「値上げは数回に分けて」が基本
③値上げは、一度でやらない
2023年ごろ多く見かけましたが、知名度のある老舗で、商品力や接客力も強いお店が一気に値上げをしていました。こういうお店は、長年かけて多くのお客を持っているので、一時的に客数が減っても戻りやすいです。
しかし、普通のお店だと、この方法は怖いです。「10年に1度」といった大胆な値上げではなく、インフレ時代(少しずつ物価が上がる時代)に合わせて、数回に分けて値上げするのが基本です。
このお店には商品の改善を含めた「QSCA」の改善を提案しましたが、すでにやる気が失せていたのか、耳を貸してもらえませんでした。QSCAとは、Q:品質(クオリティ)、S:接客(サービス)、C:清潔さ(クレンリネス)、A:雰囲気(アトモスフィア)を指し、お客が無意識に店を評価するときの基準です。
それから数カ月で閉店したそうです。
なぜそうなってしまったか?
ここまで読んでくださったあなたには、おわかりでしょう。
現場を見ず、お客の選択理由や満足度を考えず、帳簿上の数字だけで判断したからです。
こうならないためには、自信を持って値上げできるお店を作ることから始めるべきなのです。
すぐできる「C(清潔さ)」の改善
自信を持てるお店、つまり「今よりいい店にする」ためには、お客の満足度を高める必要があります。
そのために必要なのが、QSCAのレベルを高めることです。ここから、それをよくする方法についてお話しします。
最初はC(清潔さ)についてです。
私はふだん、お客の満足度について話すとき「QSA」という言葉を使っていて、Cを抜いて説明することが多いです。理由は、
①Googleマップや食べログの評価項目に、Cは入っていないから
②清潔なのは当然だから
③清潔さは、お客の満足度より、キッチンの衛生管理で使うことが多い言葉だから
などです。
ただ、清潔さは、QSAのうちA、つまり「内外装から感じる、お店のイメージ」とつながっています。

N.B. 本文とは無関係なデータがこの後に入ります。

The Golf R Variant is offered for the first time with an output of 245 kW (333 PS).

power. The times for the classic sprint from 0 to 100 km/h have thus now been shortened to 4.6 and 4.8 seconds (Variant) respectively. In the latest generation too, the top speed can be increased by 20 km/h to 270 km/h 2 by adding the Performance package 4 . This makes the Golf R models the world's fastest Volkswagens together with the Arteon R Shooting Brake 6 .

外装でいうと、汚れていると入店を敬遠される可能性があります。内装でいうと、汚れているために不満足度を高める可能性があります。
ネットの書き込みを確認する
まずGoogleマップなどの書き込みを読んでください。
それから、どの社長にもおすすめしているのですが、「このお店を知らない人になりきって、お店を見る」と、改善点が見つかりやすいです。
ただ、これは案外、難しいです。見慣れたものが「普通」で、何が悪いのかはわかりにくいのです。

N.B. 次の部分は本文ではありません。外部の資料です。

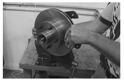
Step 4: With the inner wheel bearing and seal installed, place the disc brake rotor onto the spindle.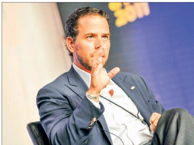
Federal investigators indicate they have enough to charge Hunter Biden: report.

It would be up to the US Attorney in Delaware, an appointee of former president Donald Trump, to decide whether to file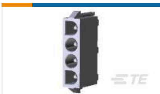
TE Part #641967-1 04P UMNL PIN HDR ASSY POL NATL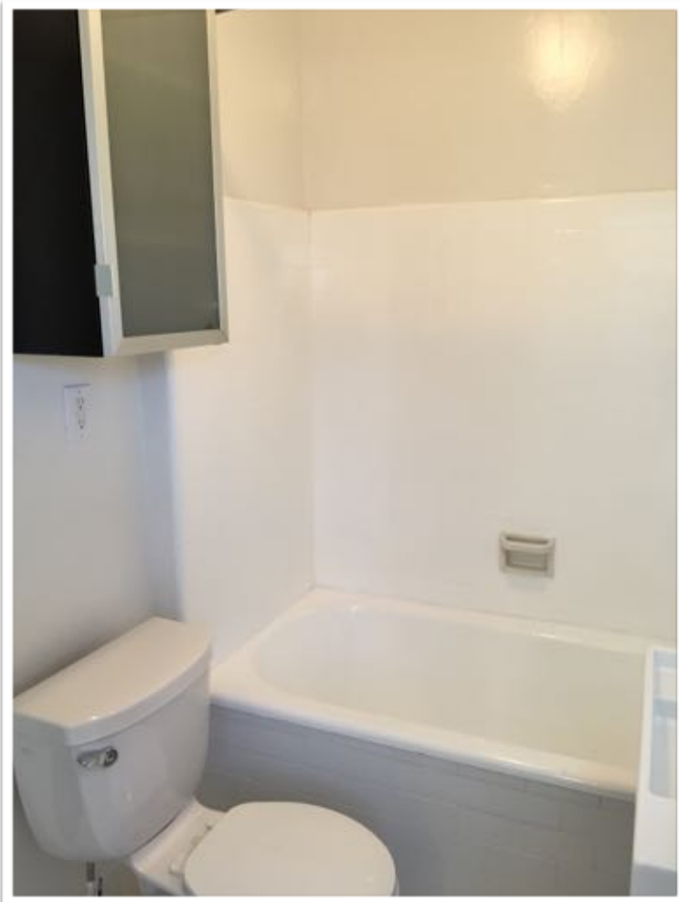
The bathroom with a soaking bathtub and shower...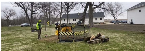
Workers remove stumps on the church grounds.

Thank you for a successful and productive spring clean up!

以前、ある社長に、「店前のノボリとタペストリーが汚れていて、繁盛しているように見えない(初めての場合、入ろうと思いにくい)」と伝えたところ、キョトンとされたことがあります。
しかたないので、近所にあった牛丼チェーン店のノボリ(牛丼チェーンは、毎月フェアがあるので、いつも新しい)と、その近くのケーキ店のタペストリーを一緒に見に行ったところ、なんとなく理解してくださいました。